Problem	Description	Strategy
Regression	A team ships a feature or refactors code that unknowingly breaks another team's work	Unit tests for logic, integration tests for module contracts, and E2E for critical user journeys, all enforced in CI
Code duplication	Similar features are implemented independently across teams, leading to diverging logic	Shared modules for common components, hooks, and utilities
Inconsistency	Standards around formatting, code style, and tooling are not enforced uniformly	CI guardrails: linters, formatters, shared tsconfig, path alias enforcement
Unintended Changes	A developer modifies another team's module without awareness, causing unintended behaviour changes	CODEOWNERS and enforce review from the owning team on every change (and a responsive review process)
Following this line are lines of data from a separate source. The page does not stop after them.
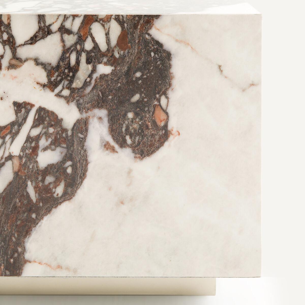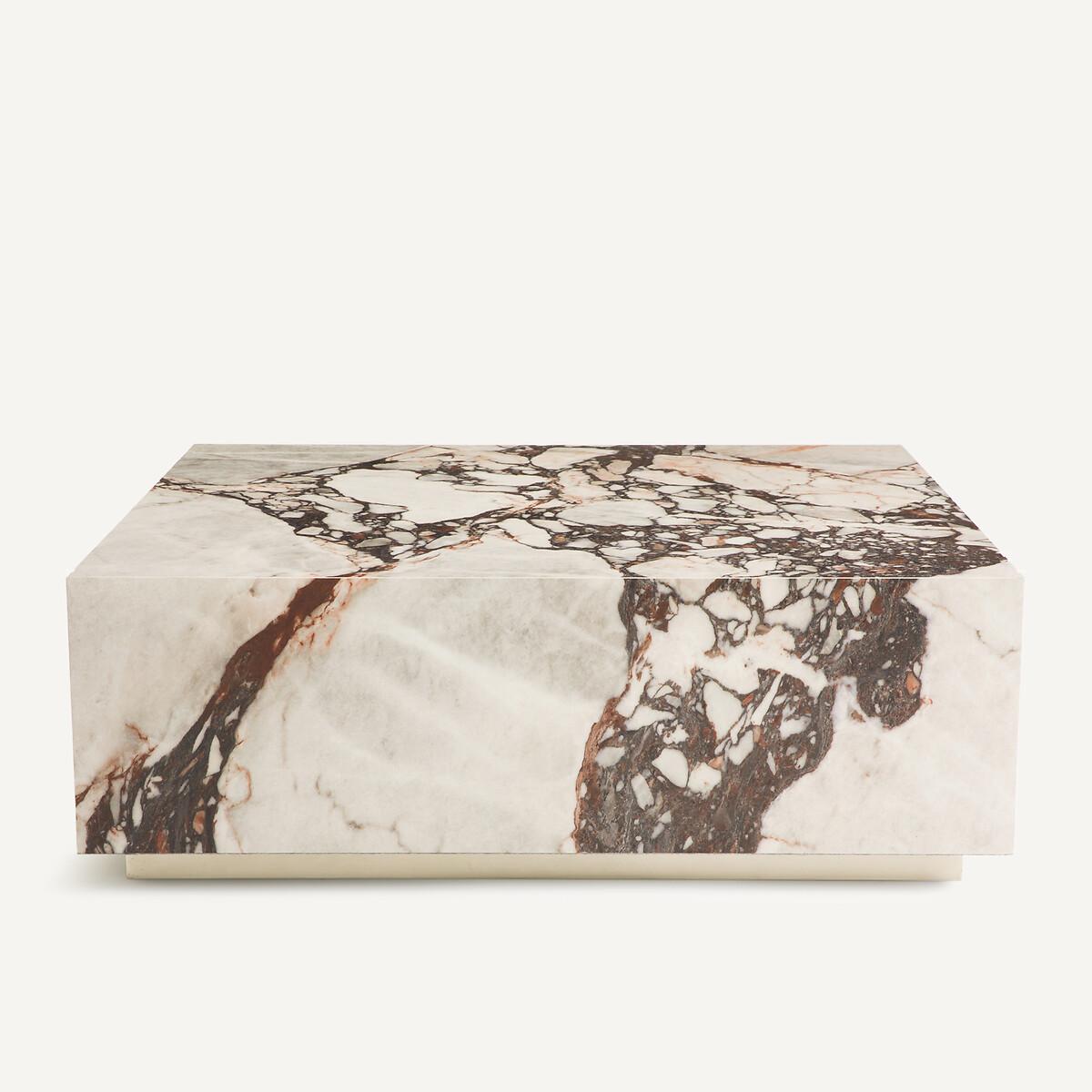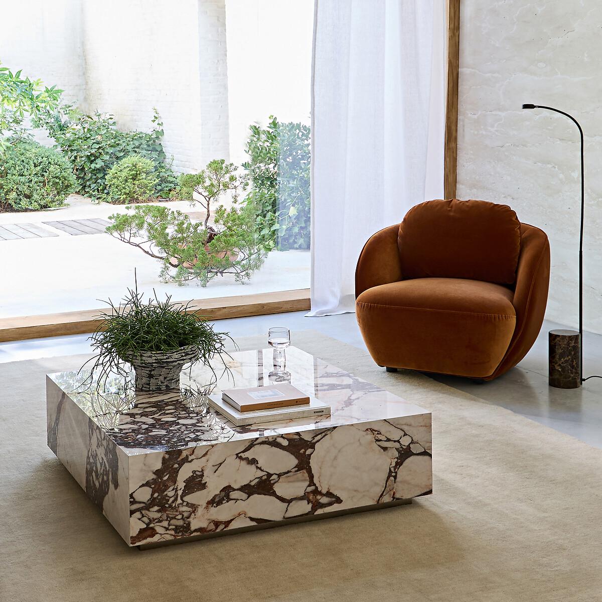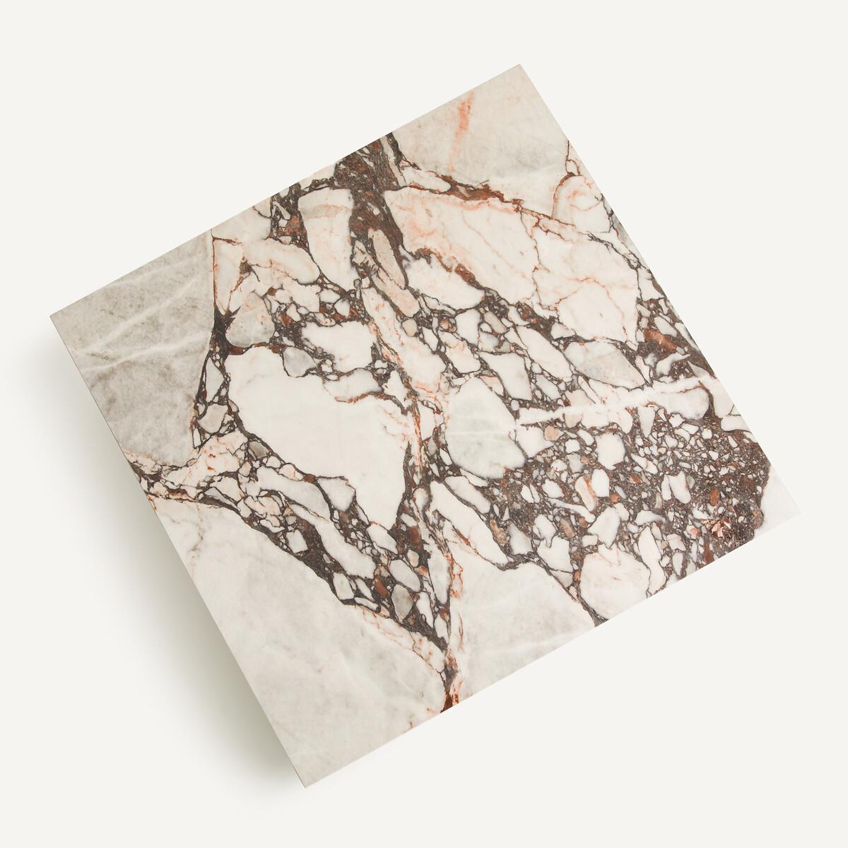 The beauty of a glossy-finish ceramic whose brick veining creates abstract prints in random shades. Each Alcana coffee table is unique. Robust and elegant, the coffee table is hollow and rests on a metal base with a matt nickel finish. An AMPM exclusive. Product Details • Structure in poplar plywood covered with marble-effect ceramic, brick colour grain • Ceramic veneer with glossy finish • Each piece is unique, the marbling can be more or less marked and the colours varied. • Iron base with matt nickel finish. Care Advice Ceramic is naturally porous and sensitive to stains. To keep it in good condition, follow the maintenance advice below: • Avoid placing hot objects on the surface, use coasters and trivets. • Immediately wipe up any spilled liquid with a white cloth dipped in lukewarm water and wrung out. • Acid, anti-limescale or bleach-based products are not recommended. Dimensions • Width: 90cm • Height: 31cm • Depth: 90cm • Sold pre-assembled. • WOOD FROM SUSTAINABLY MANAGED FORESTS. FSC® certified wood comes from forests that are environmentally, socially and economically well managed. Dimensions and weight of parcel1 parcel • W97.5 x H36 x D97.5cm, 75.3kg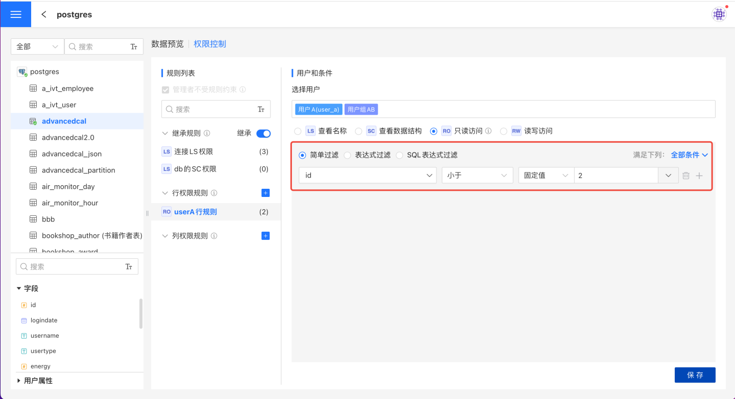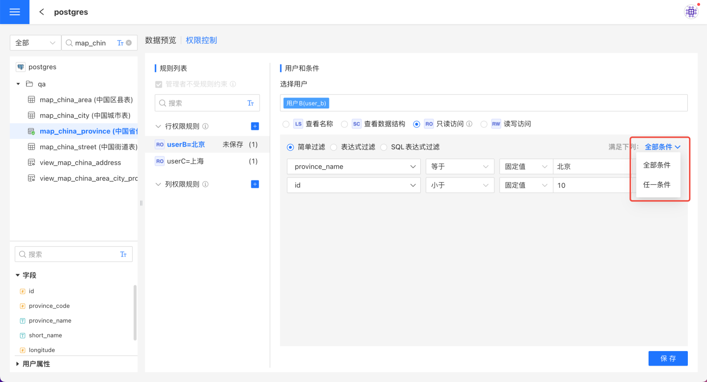 简单过滤 在简单表达式中可以通过固定值和用户属性来设置行权限控制。当有多个简单过滤条件时,可以设置规则为满足'全部条件'或满足'任一条件'。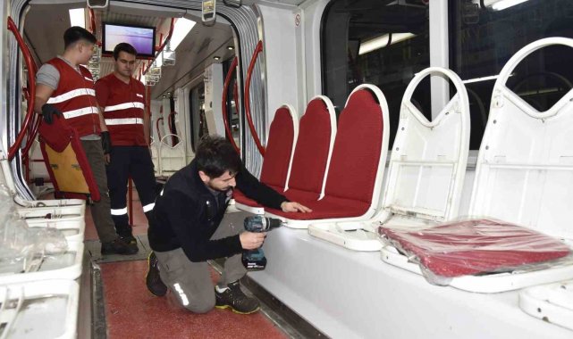 Samsun Büyükşehir Belediyesi tarafından başlatılan çalışmalar ile şehirde en çok tercih edilen toplu taşıma aracı olan tramvayların yolcu koltukları yenileniyor.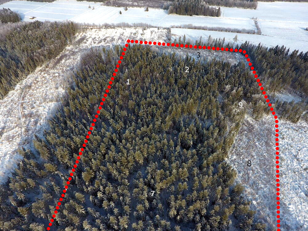 Dronekuviin pyritty piirtämään suuntaa-antavasti tilan rajoja ja kuvionumeroita. Todelliset rajat ja kuvioiden sijainnit voivat poiketa kuviin piirretyistä. Maastokuvat otettu 24.2.2026.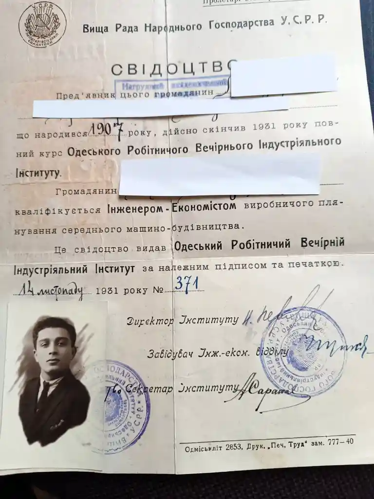 Цей матеріал почався з моєї звичайної прогулянкиСтароконним ринком. Серед старих книг, документів і випадкових знахідок я придбав диплом одеського інституту, виданий у 1931 році. Документ виявився у відмінному стані, але головне — він був оформлений українською мовою, яка одразу здалася незвичною й навіть дивною за сучасними мірками.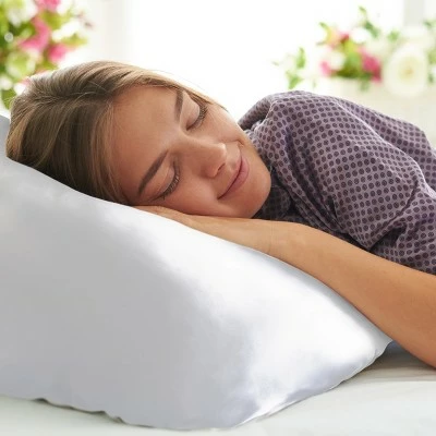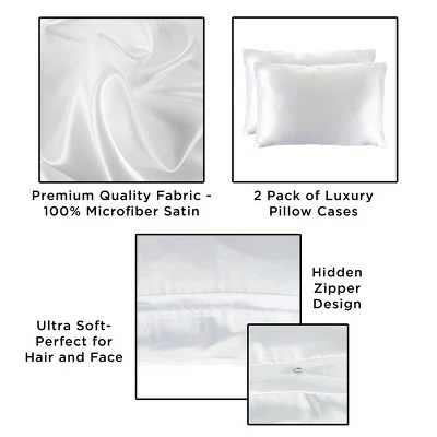- PRODUCT DETAILS-Material: Polyester Microfiber Satin, Dimensions: (L) 31-in x (W) 21-in, Set of Two, Queen Size, 230 Thread Count, Machine Washable on Delicate Cycle, Color: White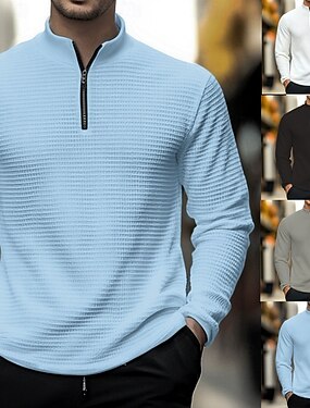 Homme Chemises Polo Gaufre Texturé Sport & Loisir Occasionnel Sans Col manche longue Mode Confortable Uni Zip Up Printemps & Automne Bleu Noir Blanche Gris Chemises Polo Gaufre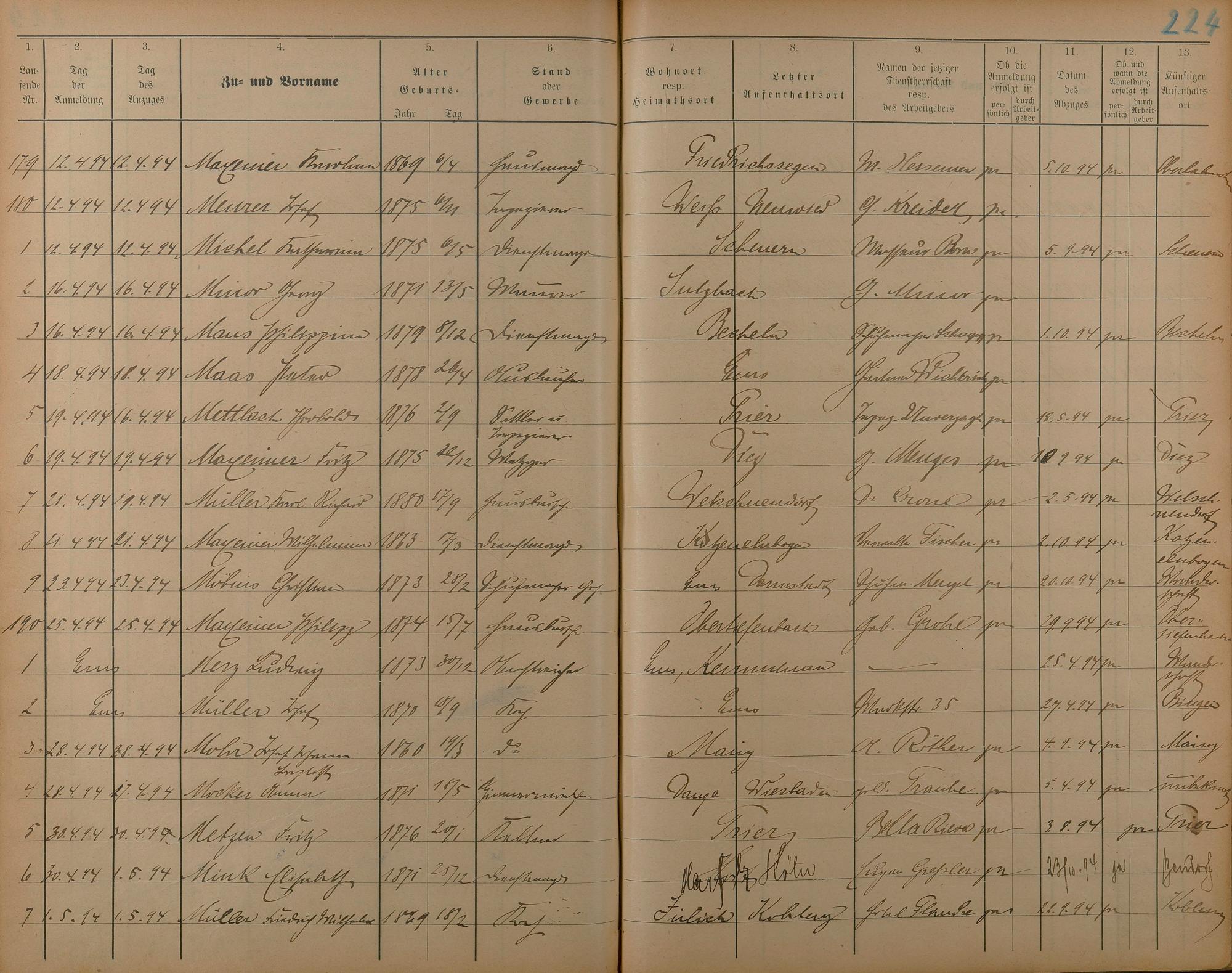 Melderegister der Gewerbegehilfen, Gesellen und Dienstboten 1892 - 1895

Obscurity	Onboarding, patterns, and code conventions are unclear or scattered across different places	Central documentation covering setup, architecture decisions, and code style
Staging overwrite	A branch deployment to staging silently overrides another team's active deployment	Per-branch preview environments instead of a shared staging instance

This is by no means an exhaustive list of all of the challenges of working on a large-scale application. These are some of the most common issues I personally have come across over the years, and some strategies that have worked. But, of course, as we know, everything in software development is a trade-off, so no solution is a 100% fit for every case.

That said, I’ll discuss the issues and strategies on how to solve them in three groups: modularization, documentation, CI guardrails and CD practices.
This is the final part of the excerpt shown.